GCC provides two interfaces for accessing the Hardware Transactional Memory (HTM) instructions available on some of the PowerPC family of processors (eg, POWER8). The two interfaces come in a low level interface, consisting of built-in functions specific to PowerPC and a higher level interface consisting of inline functions that are common between PowerPC and S/390.

6.62.27.1 PowerPC HTM Low Level Built-in Functions

The following low level built-in functions are available with -mhtm or -mcpu=CPU where CPU is ‘power8’ or later. They all generate the machine instruction that is part of the name.

The HTM builtins (with the exception of __builtin_tbegin) return the full 4-bit condition register value set by their associated hardware instruction. The header file htmintrin.h defines some macros that can be used to decipher the return value. The __builtin_tbegin builtin returns a simple true or false value depending on whether a transaction was successfully started or not. The arguments of the builtins match exactly the type and order of the associated hardware instruction’s operands, except for the __builtin_tcheck builtin, which does not take any input arguments. Refer to the ISA manual for a description of each instruction’s operands.

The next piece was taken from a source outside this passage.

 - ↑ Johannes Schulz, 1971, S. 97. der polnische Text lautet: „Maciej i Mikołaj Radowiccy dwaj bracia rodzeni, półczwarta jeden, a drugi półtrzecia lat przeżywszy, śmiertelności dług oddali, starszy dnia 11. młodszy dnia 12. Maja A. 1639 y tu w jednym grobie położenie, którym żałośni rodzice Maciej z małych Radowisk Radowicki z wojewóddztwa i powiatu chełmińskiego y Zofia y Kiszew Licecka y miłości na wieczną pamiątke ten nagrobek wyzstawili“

unsigned int __builtin_tbegin (unsigned int);
unsigned int __builtin_tend (unsigned int);

unsigned int __builtin_tabort (unsigned int);
unsigned int __builtin_tabortdc (unsigned int, unsigned int, unsigned int);
unsigned int __builtin_tabortdci (unsigned int, unsigned int, int);
unsigned int __builtin_tabortwc (unsigned int, unsigned int, unsigned int);
unsigned int __builtin_tabortwci (unsigned int, unsigned int, int);

unsigned int __builtin_tcheck (void);
unsigned int __builtin_treclaim (unsigned int);
unsigned int __builtin_trechkpt (void);
unsigned int __builtin_tsr (unsigned int);

In addition to the above HTM built-ins, we have added built-ins for some common extended mnemonics of the HTM instructions:

unsigned int __builtin_tendall (void);
unsigned int __builtin_tresume (void);
unsigned int __builtin_tsuspend (void);

Note that the semantics of the above HTM builtins are required to mimic the locking semantics used for critical sections. Builtins that are used to create a new transaction or restart a suspended transaction must have lock acquisition like semantics while those builtins that end or suspend a transaction must have lock release like semantics. Specifically, this must mimic lock semantics as specified by C++11, for example: Lock acquisition is as-if an execution of __atomic_exchange_n(&globallock,1,__ATOMIC_ACQUIRE) that returns 0, and lock release is as-if an execution of __atomic_store(&globallock,0,__ATOMIC_RELEASE), with globallock being an implicit implementation-defined lock used for all transactions. The HTM instructions associated with with the builtins inherently provide the correct acquisition and release hardware barriers required. However, the compiler must also be prohibited from moving loads and stores across the builtins in a way that would violate their semantics. This has been accomplished by adding memory barriers to the associated HTM instructions (which is a conservative approach to provide acquire and release semantics). Earlier versions of the compiler did not treat the HTM instructions as memory barriers. A __TM_FENCE__ macro has been added, which can be used to determine whether the current compiler treats HTM instructions as memory barriers or not. This allows the user to explicitly add memory barriers to their code when using an older version of the compiler.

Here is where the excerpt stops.